The Good Liar: Ian McKellen and Helen Mirren - together at last - slum it in a cheesy fraud thriller
By Jim Slotek
Rating: C-plus
A preposterous mess of romance-with-secrets, generations-old closet skeletons and revenge, The Good Liar is the kind of fragrant dramatic cheese that Sidney Sheldon would have squeezed an ‘80s network mini-series out of.
But the never-before-paired screen couple of Ian McKellen and Helen Mirren consume this cheese like so much scenery. There’s nothing like actors with gravitas slumming, all bemused smiles and droll delivery, even as the material descends clunkily into unintentional comedy.
Taken from the novel by Nicholas Searle, and directed by Bill Condon (Gods and Monsters, Dreamgirls), The Good Liar is the story of a con, only half of which is delivered up front. In the very first scene, we find that old codger Roy Courtnay (McKellen) is a good liar indeed, filling out an online dating profile, clicking “Non-smoker” and “non-drinker” boxes even as we see him puffing away and taking sips of whisky.
His date, Betty McLeish (Mirren) is a retired former Oxford teacher who is apparently charmed by Roy’s twinkle-eyed codger act. And an act it is, since, away from Betty, we see a foul-mouthed Roy take charge in a series of con-jobs selling fake investments to rich suckers, having people beaten when they cross him, and proving capable of murder.
Which makes Betty his next mark, with only her grandson Steven (Russell Tovey), a historian with a suspicious streak, raising an eyebrow at grand-mum’s hasty romance. When she invites Roy to move into her suburban home after their second date, even the viewer may be left wondering what turnip truck she fell off.
But as Roy and his crony Vincent (Jim Carter) lay their trap for Betty, there are hints of steel in her smile. The Good Liar is the sort of suspense thriller that isn’t very good at faking where it’s going. In bits and pieces, we find out more and more about Roy, but the real-deal with Betty is left for late in the film. The “truth” about everything we’ve been seeing is so implausible that it’s laid out in flashbacks with long passages of exposition and silent visuals.
It’s never clear how seriously we’re supposed to take The Good Liar. Certainly, there are outright laughs in the last act. And Condon, who’s capable of great subtlety, delivers a mawkish finale with a wartime trauma that is practically glossed over in its haste to finish.
Still, it is a joy to see the two leads work.

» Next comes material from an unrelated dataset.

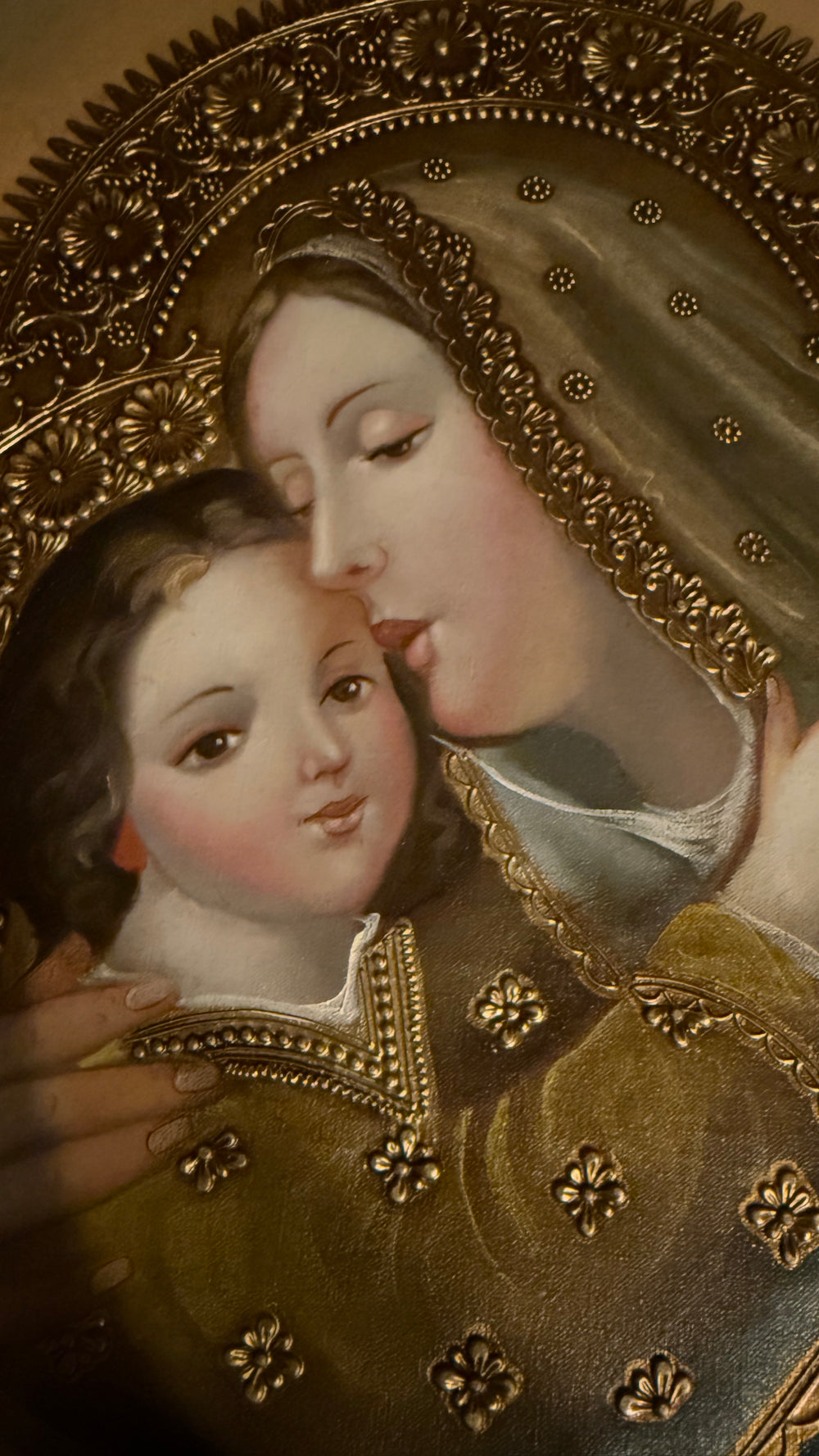 The tender embrace of Mary and Jesus invites peace, warmth, and spiritual comfort into your home, making this piece ideal for prayer spaces, Marian devotion, or as a meaningful Catholic gift.

McKellen hops brilliantly from frail senior to dangerous criminal, acting the role of a character whose whole life is an act.
As for Mirren, she is so amazingly vital, that only a really good liar would ask us to believe she’s a widow, practically on death’s door, following a series of strokes. But then, nothing in The Good Liar is to be believed, and precious little of it is believable.
The Good Liar. Directed by Bill Condon. Starring Ian McKellen, Helen Mirren and Russell Tovey. Opens wide, Friday, November 15.